The investigation established that Perevozkin issued criminal orders and knowingly allowed the use of physical and psychological violence against Ukrainians.
Ukrainian law enforcement officers have also documented other instances of torture, beatings, humiliation of human dignity, unlawful “interrogations”, the creation of inhumane detention conditions, as well as the deliberate failure to provide proper medical treatment to unlawfully detained civilians. Such behaviour was systematic, intentional and repressive in nature.Based on SSU materials, Perevozkin has been served, in absentia, with a notice of suspicion under the following articles of the Criminal Code of Ukraine:
Part 1 of Article 438 (cruel treatment of the civilian population committed by prior conspiracy by a group of persons)
Part 2 of Article 438 (cruel treatment of the civilian population combined with intentional murder, committed by a group of persons acting in concert).
He faces life imprisonment for these crimes.
Read more: The Viktoriia Project: the story of the captivity and torture endured by journalist Viktoriia Roshchyna and thousands of Ukrainians imprisoned by Russia
Background:
In March 2022, Roshchyna was captured by Russian occupiers and held in Berdiansk for 10 days.
In 2022, Roshchyna wrote a series of reports for Ukrainska Pravda from temporarily occupied territories, including pieces on life in occupied Crimea during the war, on how the pseudo-referendum had been conducted in Russian-occupied Donetsk Oblast and a photo feature from devastated Mariupol.
In order to get to the occupied territories, Roshchyna left Ukraine for Poland on 25 July.
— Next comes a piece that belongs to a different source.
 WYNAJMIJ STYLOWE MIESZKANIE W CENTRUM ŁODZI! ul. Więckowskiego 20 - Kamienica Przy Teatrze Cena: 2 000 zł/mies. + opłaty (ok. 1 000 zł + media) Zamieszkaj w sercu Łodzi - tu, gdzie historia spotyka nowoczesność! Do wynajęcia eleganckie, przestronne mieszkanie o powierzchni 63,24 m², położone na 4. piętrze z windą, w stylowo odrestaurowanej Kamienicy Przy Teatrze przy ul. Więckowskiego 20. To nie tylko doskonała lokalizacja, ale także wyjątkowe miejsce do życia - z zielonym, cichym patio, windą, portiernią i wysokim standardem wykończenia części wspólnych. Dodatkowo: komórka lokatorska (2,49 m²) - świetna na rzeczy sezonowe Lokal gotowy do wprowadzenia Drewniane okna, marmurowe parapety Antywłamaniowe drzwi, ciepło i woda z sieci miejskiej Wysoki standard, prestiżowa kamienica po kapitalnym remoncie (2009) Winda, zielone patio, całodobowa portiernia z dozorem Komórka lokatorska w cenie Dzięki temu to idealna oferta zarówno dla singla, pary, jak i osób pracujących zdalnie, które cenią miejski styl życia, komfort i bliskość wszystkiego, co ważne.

She planned to travel through Russia to the occupied east of Ukraine in three days.
Viktoriia Roshchyna disappeared on 3 August 2023 while reporting from Russian-occupied territory.
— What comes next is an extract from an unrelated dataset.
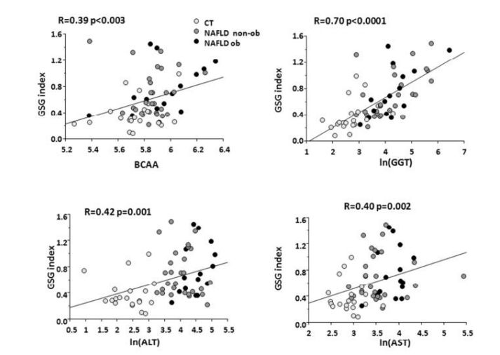 這些氨基酸以某種方式參與合成谷胱甘肽(GSH)和脂毒性相關(guān)的脂質(zhì)前體。 因此,我們測試了GSG指數與肝臟組織學(xué)改變的相關(guān)性,其中GSG-index指數計算了[Glutamate/(Serine+Glycine)]。

It was not until May 2024 that Russia admitted to having detained Roshchyna. The Russian Ministry of Defence sent a letter confirming this to her father, Volodymyr Roshchyn.
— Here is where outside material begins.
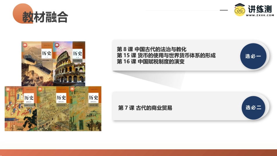 第11讲中国古代的法治教化商业贸易及货币与赋税制度高考一轮复习讲练测2024选必二选必一第8课中国古代的法治与教化第15课货币的使用与世界货币体系的形成第16课中国赋税制度的演变第7课古代的商业贸易教材融合稿定PPT稿定PPT,海量素材持续更新,上千款模板有选择总一款适合你02考情分析考点要求考题统计考情分析中国古代的法治教化2023浙江卷非选择题,15分2022天津卷非选择题,20分2022海南卷选择题,3分2022北京卷选择题,3分2021海南卷选择题,3分2021湖北卷选择题,3分这部分内容是新教材新加出来的知识点,但是近三年考查较多,复习时和当时的朝代背景相结合,放到特定的时期理解记忆可以达到事半功倍效果。中国古代商贸2022河北卷选择题,3分整个中国古代史中商贸部分是经济史的重要环节,复习时重点关注史料部分。中国货币的演进历程2022湖北卷选择题,3分2020海南卷选择题,2分2020全国新课标Ⅲ卷,4分近年考查多,考查方式是图文结合,跨度较大,需要学生能够快速理清货币发展史。中国古代的赋税制度2023湖南卷非选择题,18分2023浙江卷选择题,3分2022北京卷非选择题,12分2021湖北卷非选择题,14分2021辽宁卷选择题,3分2021广东卷选择题,3分复习这部分内容时,除了将历朝历代赋税制度理清,还要对赋税变化重点把握。考点一中国古代的法治教化(选必一)【夯基·知识梳理】知识点1先秦时期的德治与法治知识点2秦汉至隋唐时期的法律与教化知识点3宋元至明清时期的法律与教化【提升·考向预测】考向1中国古代的法治教化01复习目标02网络构建03梳理预测考点二中国古代商贸、货币与赋税制度【夯基·知识梳理】知识点1商业贸易的起源与发展(选必二)知识点2货币、信贷、商业契约(选必二)知识点3中国古代的赋役制度(选必一)【提升·考向预测】考向1中国古代商贸考向2中国货币的演进历程考向3中国古代的赋税制度目录索引CONTENTS04真题感悟01复习目标PARTONE稿定PPT稿定PPT,海量素材持续更新,上千款模板有选择总一款适合你021、理解中国古代历朝历代法治教化的特点,明白法治教化对中国古代封建社会统治的影响。2、概述中国古代商贸、货币与赋税制度的主要内容,探讨其对近代中国经济发展的影响。复习目标02网络构建PARTONE02网络构建03梳理预测PARTONE稿定PPT夯基·知识梳理考点一中国古代的法治教化知识点1先秦时期的德治与法治1.夏商:君主及奴隶主贵族可以随意残害奴隶。2.西周:为维护社会等级秩序,建立了以宗法为核心的礼制,提出“敬天保民”思想,有一定的进步性。3.东周:(1)背景:王室衰微,大国争霸,礼崩乐坏。诸侯国君纷纷寻找治国新思想,出现百家争鸣局面。(2)代表:①儒家:德治思想;②法家:法治思想。稿定PPT稿定PPT,海量素材持续更新,上千款模板有选择总一款适合你02a.儒家的德治思想(1)早期:子产“铸刑书”引发了一场辩论。(2)春秋战国时期:德治与法治之争在思想界体现为儒家与法家之争。代表时代治国思想教化思想理论来源孔子春秋为政以德,“节用而爱人,使民以时”,不要过度消耗民力通过道德礼义教化民众,重视民生与民意,宣称“民为贵,社稷次之,君为轻”人性善孟子战国“施仁政于民,省刑罚,薄税敛”稿定PPT02b.法家的法治思想(1)早期国家:已经有了法律。夏朝有《禹刑》,商朝有《汤刑》,周朝有《九刑》。(2)春秋时期:中国最早的成文法出现。郑国的子产“铸刑书”,把刑法浇铸在金属器皿上,制定了中国历史上最早的成文法。代表国别治国主张(实践)社会教化理论来源韩非韩国君主要以法、术、势驾驭臣下;君主赏罚分明为保证法令畅通,韩非主张“以法为教”“以吏为师”人性恶商鞅秦国颁行法令,保护新兴地主阶级的权益(3)结果:a.儒家主张通过道德礼义教化民众,重视民生与民意,但不适用于战争激烈的战国时期。b.法家思想既能带来富国强兵的现实利益,又满足了各国君主专制的愿望。稿定PPT稿定PPT,海量素材持续更新,上千款模板有选择总一款适合你02知识点2秦汉至隋唐时期的法律与教化1.秦朝:(1)以法家思想治国,推动了律的编纂。此后,历朝法典多以“律”命名。(2)云梦睡虎地秦简,极大丰富了人们对秦律...

Russia delayed the repatriation of Roshchyna’s body, which was only returned in February 2025.
The Office of the Prosecutor General reported that Roshchyna’s body showed multiple signs of torture and cruel treatment, including abrasions, haemorrhages, a broken rib and evidence of electric shocks.
The investigative team established that when the body was brought back to Ukraine, it bore signs that an autopsy had been performed in Russia. Journalists have learned that several internal organs were missing, including the brain, the eyeballs, and part of the trachea.
An international forensic pathologist said that this may be evidence that the Russians were attempting to conceal the real cause of death, in particular suffocation. A a funeral was held in Kyiv for Viktoriia this year on Friday 8 August.